ウイズ・アフターコロナに伴う社会変化に適応した活動へ。リスキリングや法改正に対応する組織も
 ――産別の運動方針

ビジネス・レーバー・モニター定例調査

ウイズコロナ、そしてアフターコロナで社会が変わるなかで、その変化に沿った組合活動を進める――JILPTが産別労組モニターを対象に実施した調査では、今年の運動方針・補強方針の特徴においてこのような傾向がみられた。新たな生活様式への変化を「好機」と捉える考えや、コロナ収束後の産業のあり方を模索する動きなどが把握できた。また、ここ2年余り、延期やオンライン開催となっていた組合員の会合を、今後は可能な限り対面で開催すると確認した産別もある。リスキリングを含めた学び直しの支援や法改正への対応といった、社会変化への適応を試みる動きもみられた。

調査では、モニターを委嘱している産別24組織、単組27組織に調査票を配布し、産別13組織、単組13組織から回答を得た。調査期間は10月5日~10月21日。なお、単組はほぼすべて大手企業の労組で構成している。

ウイズコロナ・アフターコロナを見据えた方針を実践するスタートの年に/電機連合

電機メーカーの労働組合で構成する電機連合は、2021年の定期大会で、ウイズコロナ・アフターコロナを見据えた労働運動・活動のあり方を盛り込んだ中期運動方針を策定した。中期運動方針は、新型コロナの流行が終息しても以前の姿に戻るとは考えにくく、また、次なる感染症が拡大したとしても企業活動や労働環境、組合活動への影響が最小限にとどまる施策を講じておく必要があると考え、ニューノーマル(新常態)における労働組合の運動・活動のあり方を検討したもの。そのうえで2022・2023年度について、「中期運動方針を本格的に実践していくスタートの年」と位置づけた。

今年の定期大会では、中期運動方針をふまえたうえで、新たな生活様式への変化を「好機」と捉え、①一人ひとりが意識を高め、想像力を発揮し、行動に移すこと②従来のやり方に捉われない新しい行動様式を創造=作り上げていくこと③これまで変えたくても変えられなかったものも、これを機に思い切って変えていく、チャレンジしていくこと――の3点を全面に押し出した。

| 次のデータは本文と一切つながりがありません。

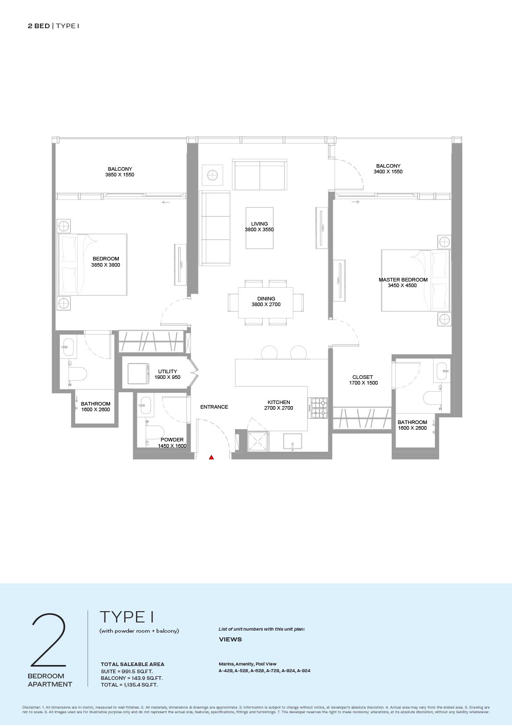 | Tower A | 2 Bedrooms | 08th & 09th Level (Type I) | 1135.40 Sq Ft | Click Here |
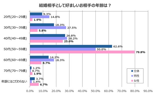 ・理想の結婚相手トップは「50代」、男性は20~30代のお相手も視野に
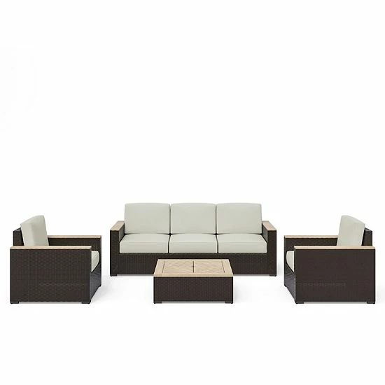 Transform your patio or backyard into a stylish oasis with this homestyles Palm Springs Outdoor Couch, Chairs & Coffee Table 4-Piece Set.
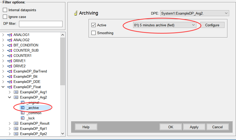 Configure an archive config on a datapoint element. Choose the 5-Minute Archive (fwd) and click "Apply".
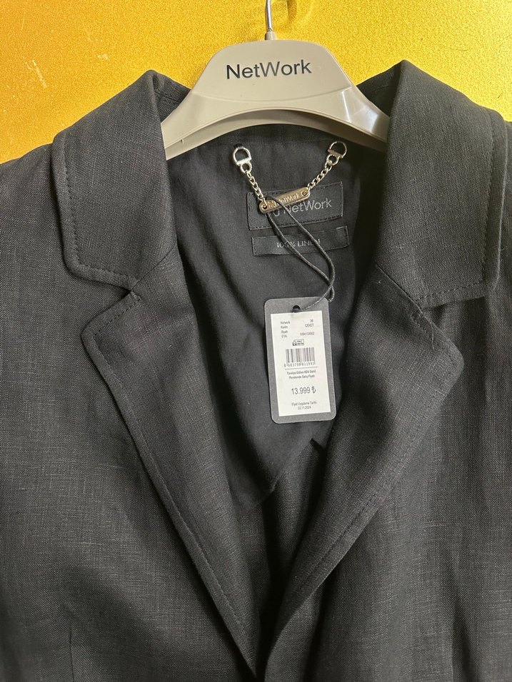 NetWork markalı, zincir detaylı, SİYAH renkli kadın blazer ceket. Yumuşak keten kumaş, normal kesim, uzun kollu ve midi boyda, ofis için uygun.
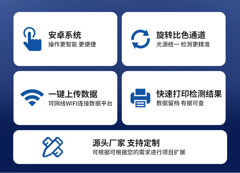 安卓智能操作系統(tǒng),采用更加**和人性化操作,儀器具有無線聯(lián)網(wǎng)上傳功能,快速上傳數(shù)據(jù),進行數(shù)據(jù)統(tǒng)計和分析。智能化程度高,儀器具有自檢功能:具有開機自檢和調(diào)零功能,具有自動檢測重復性功能;同時,檢測完成可自動打印檢測報告和二維碼。手機掃碼可顯示出詳細檢測信息。儀器帶有監(jiān)管平臺,數(shù)據(jù)可局域網(wǎng)和互聯(lián)網(wǎng)數(shù)據(jù)上傳,檢測結(jié)果直接傳至食品安全監(jiān)管平臺。進行區(qū)域食品安全監(jiān)管及大數(shù)據(jù)分析處理與數(shù)據(jù)統(tǒng)計,檢測區(qū)域食品安全長短期動態(tài),達到食品安全問題預估、預警 。樣品處理簡單省力,整體操作快速、安全、便捷。儀器具有自身保護功能,可設(shè)置用戶名及密碼,防止非工作人員操作等。內(nèi)置強大的數(shù)據(jù)庫,可在儀器上直接選擇樣品名稱、檢測指標、送檢單位等信息,也可在儀器上直接編輯錄入樣品名稱、檢測指標、送檢單位等信息并保存進樣品數(shù)據(jù)庫,方便后期操作調(diào)取使用。儀器具有重新校準、鎖定、恢復出廠設(shè)置功能。
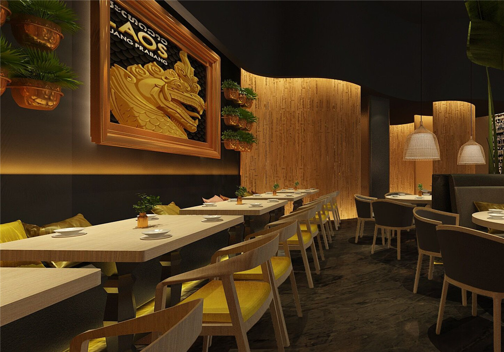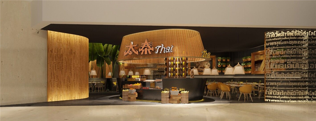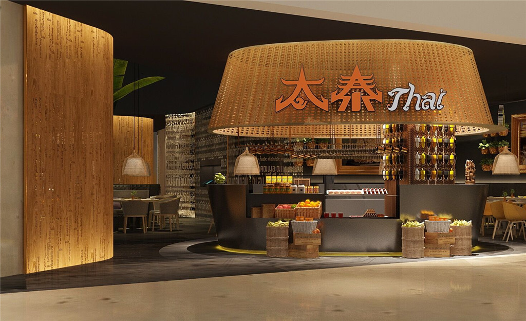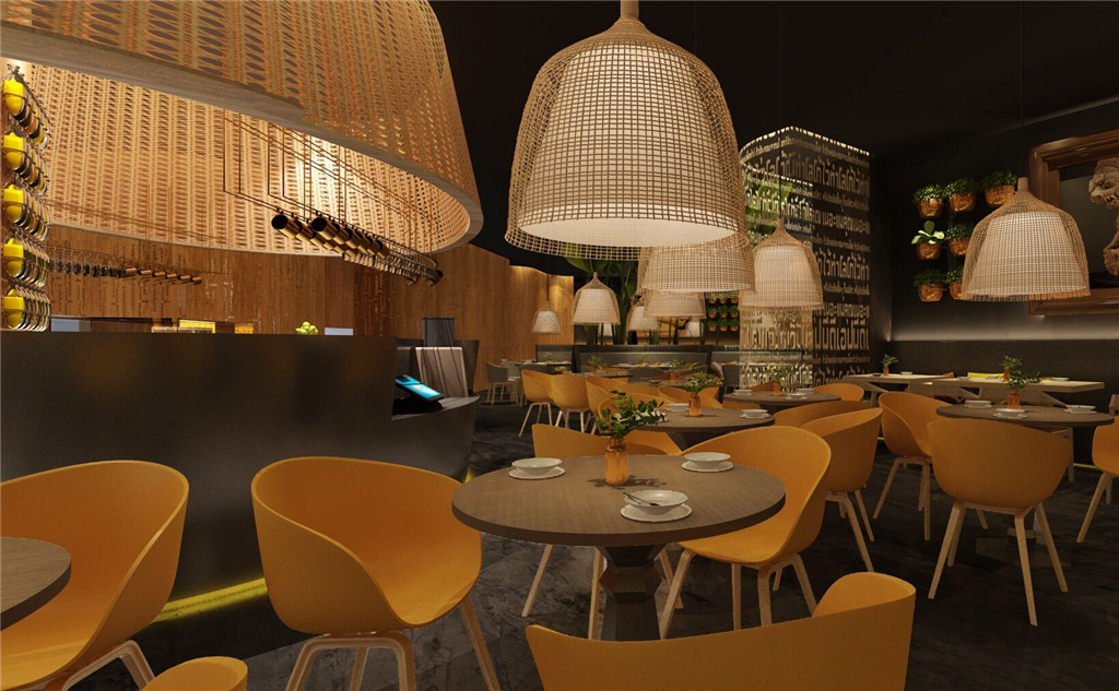本項(xiàng)目融入大量的泰國元素:手工竹藝編織的收銀臺(tái)頂超大燈罩及小吊燈燈罩、木藝雕刻、芭蕉樹、裝飾畫、綠植等,演繹原汁原味的泰國風(fēng)情。色澤上大多采用原木色調(diào)及泥土褐色,散發(fā)著濃烈的自然氣息,搭配明艷的黃色,自然溫馨中不失歡躍之感。自然、熱情、獨(dú)特,這是大景傾情打造的地道真實(shí)的泰國味道。
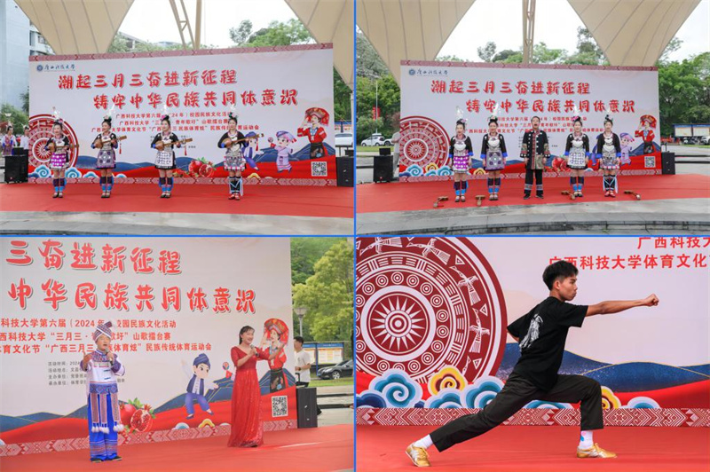 本次校园民族文化活动是广西科技大学“广西三月三”民族团结进步宣传月活动的主要内容之一。大家穿上节日盛装,唱起山歌,抛起绣球,品尝着五色糯米饭、青团、油茶等特色美食,以丰富多彩的民俗文化活动欢庆节日,构筑中华民族共有精神家园,进一步引领广大师生铸牢中华民族共同体意识,助力建设铸牢中华民族共同体意识示范区。党委统战部、学生工作部(处)、团委、后勤处,以及各学院(部)1000多名师生参加了活动。
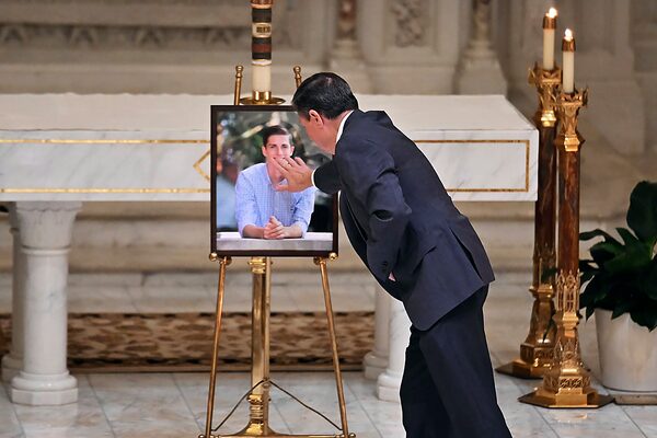 Alex Lucido, a close family friend, touches a portrait of Michigan State University student Brian Fraser, who was killed by a gunman the night before on campus in East Lansing, during a vigil at St. Paul on the Lake Catholic Church in Grosse Pointe, Mich., on Feb. 14.David Guralnick/The Associated Press

AP22で労使が共有した「人への投資」をAP23でも継続/基幹労連

鉄鋼や造船重機、非鉄金属などの労組を組織する基幹労連は、9月に定期中間大会を開催し、2022年度の活動方針を決定した。活動方針は、昨年の定期大会で確認した2年間の運動方針をもとに、前半年の活動結果や環境変化もふまえ、より効果的な取り組みを志向した補強内容となっている。

主要な取り組みは、①安全衛生活動②組織強化と組織拡大③労働政策の推進④産業政策、政策・制度、自然災害に関する政策の推進⑤持続可能な運動の推進と組織の発展――の5つ。

基幹労連は、「魅力ある労働条件づくり」と「産業・企業の競争力強化」を好循環させていくとの基本理念に基づき、2年サイクルでの労働条件改善(AP:アクションプラン)に取り組むことを基本とし、環境変化に応じて単年度ごとの要求も可能としている。AP22では、鉄鋼部門はおおむね2年分を要求し、造船・非鉄・建設部門では多くの組合が2022年度分の要求を行った。その結果、鉄鋼大手の各組合が3年ぶりの賃金改善を獲得したのをはじめ、全体でみても平均獲得額が連合や金属労協(JCM)を上回るとともに、過去との比較で前進回答率、平均獲得額が向上した。

こうした経緯をふまえ、労働政策の推進では、AP22を「全体感として『人への投資』が好循環につながる重要な要素であることを労使で共有することができたものと受け止めている」と振り返ったうえで、AP23について、「こうした醸成された共有認識を大切にしながら、継続した『人への投資』を実現する取り組みとしなければならない」と強調している。

産業・労働政策ビジョンの見直しを提起

また、10年先を見据えて2017年に策定した「産業・労働政策中期ビジョン(2017年改)」にのっとり、基幹産業にふさわしい処遇の実現、誰もが安心して働き続けることができる環境整備に向けて取り組みを進める。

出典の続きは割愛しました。